With all that out of the way, lets get started on the fun stuff!
Installing Talos
Talos supports installations on pretty much anything, Cloud platforms like AWS, DigitalOcean, and Hetzner, including bare metal platform Equinox Metal, to local installs right on top of Docker or virtualised in VirtualBox or QEMU.
Since I want to use my physical servers, this guide is going to stick to the bare metal methods. The same team that created Talos have also created Sidero Metal to manage Talos Kubernetes cluster on bare metal platforms which I’ll cover at a later date, along with a highly-available control plane and customized network configuration. This first cluster will be a simple single control plane node with two worker nodes, and the networking will be handled by flannel which comes built-in as standard with Talos.
Get Set Up
First things first, I need the talosctl
tool to manage a Talos cluster, and to
make it executable. For a simple boot process to get the cluster up-and-running,
I’m just going to download the ISO and boot directly from that.
talosctl
to a different
directory depending on your $PATH
environment variable.$ curl -Lo ~/.local/bin/talosctl https://github.com/talos-systems/talos/releases/latest/download/talosctl-linux-amd64
% Total % Received % Xferd Average Speed Time Time Time Current
Dload Upload Total Spent Left Speed
100 151 100 151 0 0 537 0 --:--:-- --:--:-- --:--:-- 537
100 659 100 659 0 0 1415 0 --:--:-- --:--:-- --:--:-- 1415
100 56.1M 100 56.1M 0 0 20.7M 0 0:00:02 0:00:02 --:--:-- 33.5M
$ chmod +x ~/.local/bin/talosctl
$ curl -Lo ~/Downloads/talos-amd64.iso https://github.com/talos-systems/talos/releases/latest/download/talos-amd64.iso
% Total % Received % Xferd Average Speed Time Time Time Current
Dload Upload Total Spent Left Speed
100 146 100 146 0 0 1254 0 --:--:-- --:--:-- --:--:-- 1258
100 654 100 654 0 0 4375 0 --:--:-- --:--:-- --:--:-- 4375
100 72.7M 100 72.7M 0 0 30.6M 0 0:00:02 0:00:02 --:--:-- 35.0M
Next, generate the configuration needed for the Talos Kubernetes cluster, giving the cluster a name and API endpoint. In this case, I know the control plane node has a fixed IP given as a static lease from the DHCP server. You could just as easily use the host name if you internal DNS supports it.

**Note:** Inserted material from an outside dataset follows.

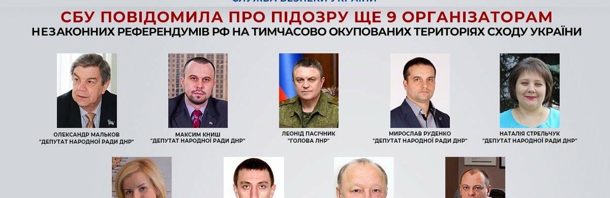 СБУ повідомила про підозру ще 9 організаторам незаконних референдумів рф на тимчасово окупованих територіях сходу України

$ export TALOS_CONTROL_PLANE="192.168.10.101"
$ talosctl gen config home-lab-talos-cluster https://${TALOS_CONTROL_PLANE}:6443
generating PKI and tokens
created /home/tim/projects/home-lab-talos/controlplane.yaml
created /home/tim/projects/home-lab-talos/worker.yaml
created /home/tim/projects/home-lab-talos/talosconfig
$ talosctl --talosconfig talosconfig config endpoint ${TALOS_CONTROL_PLANE}
Now I am ready to boot the servers via the ISO downloaded earlier.
Bootstrapping the Control Plane
When booting an unconfigured environment, Talos will boot into a minimal ’live'
system waiting for configuration. This can be provided by having a HTTP endpoint
serving the configuration, putting it in user-data, or using talosctl
itself to
push the configuration to the machine. I am using the latter method in this case.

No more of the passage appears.